## DATA TO USE:

◇ ◇ ◇

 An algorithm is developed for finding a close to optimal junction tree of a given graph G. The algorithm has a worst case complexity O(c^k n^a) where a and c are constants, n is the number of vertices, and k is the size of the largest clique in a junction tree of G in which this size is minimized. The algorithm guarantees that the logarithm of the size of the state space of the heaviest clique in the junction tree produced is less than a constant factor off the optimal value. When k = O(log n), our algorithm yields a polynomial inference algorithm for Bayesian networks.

◇ ◇ ◇

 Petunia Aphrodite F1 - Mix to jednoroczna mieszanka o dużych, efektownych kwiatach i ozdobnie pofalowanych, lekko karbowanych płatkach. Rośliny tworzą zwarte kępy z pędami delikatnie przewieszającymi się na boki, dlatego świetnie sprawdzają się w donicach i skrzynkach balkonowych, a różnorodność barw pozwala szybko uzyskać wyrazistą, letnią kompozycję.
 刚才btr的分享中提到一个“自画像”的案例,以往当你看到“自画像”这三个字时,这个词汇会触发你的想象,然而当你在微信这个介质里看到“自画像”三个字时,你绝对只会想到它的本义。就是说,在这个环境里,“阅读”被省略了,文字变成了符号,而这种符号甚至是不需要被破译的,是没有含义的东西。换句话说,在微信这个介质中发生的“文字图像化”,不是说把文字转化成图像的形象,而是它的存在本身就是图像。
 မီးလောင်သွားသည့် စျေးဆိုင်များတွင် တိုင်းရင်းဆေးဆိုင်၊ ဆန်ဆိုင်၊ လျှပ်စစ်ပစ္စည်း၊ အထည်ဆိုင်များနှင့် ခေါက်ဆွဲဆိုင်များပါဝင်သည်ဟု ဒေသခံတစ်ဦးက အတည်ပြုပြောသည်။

◇ ◇ ◇

## WHAT THIS TASK INVOLVES:
Given the records above, reproduce precisely and only the lines between the line holding "Petunia Aphrodite F1" and the line holding "မီးလောင်သွားသည့် စျေးဆိုင်များတွင် တိုင်းရင်းဆေးဆိုင်၊", inclusive.

## ANSWER TO THIS EXERCISE:
 Petunia Aphrodite F1 - Mix to jednoroczna mieszanka o dużych, efektownych kwiatach i ozdobnie pofalowanych, lekko karbowanych płatkach. Rośliny tworzą zwarte kępy z pędami delikatnie przewieszającymi się na boki, dlatego świetnie sprawdzają się w donicach i skrzynkach balkonowych, a różnorodność barw pozwala szybko uzyskać wyrazistą, letnią kompozycję.
 刚才btr的分享中提到一个“自画像”的案例,以往当你看到“自画像”这三个字时,这个词汇会触发你的想象,然而当你在微信这个介质里看到“自画像”三个字时,你绝对只会想到它的本义。就是说,在这个环境里,“阅读”被省略了,文字变成了符号,而这种符号甚至是不需要被破译的,是没有含义的东西。换句话说,在微信这个介质中发生的“文字图像化”,不是说把文字转化成图像的形象,而是它的存在本身就是图像。
 မီးလောင်သွားသည့် စျေးဆိုင်များတွင် တိုင်းရင်းဆေးဆိုင်၊ ဆန်ဆိုင်၊ လျှပ်စစ်ပစ္စည်း၊ အထည်ဆိုင်များနှင့် ခေါက်ဆွဲဆိုင်များပါဝင်သည်ဟု ဒေသခံတစ်ဦးက အတည်ပြုပြောသည်။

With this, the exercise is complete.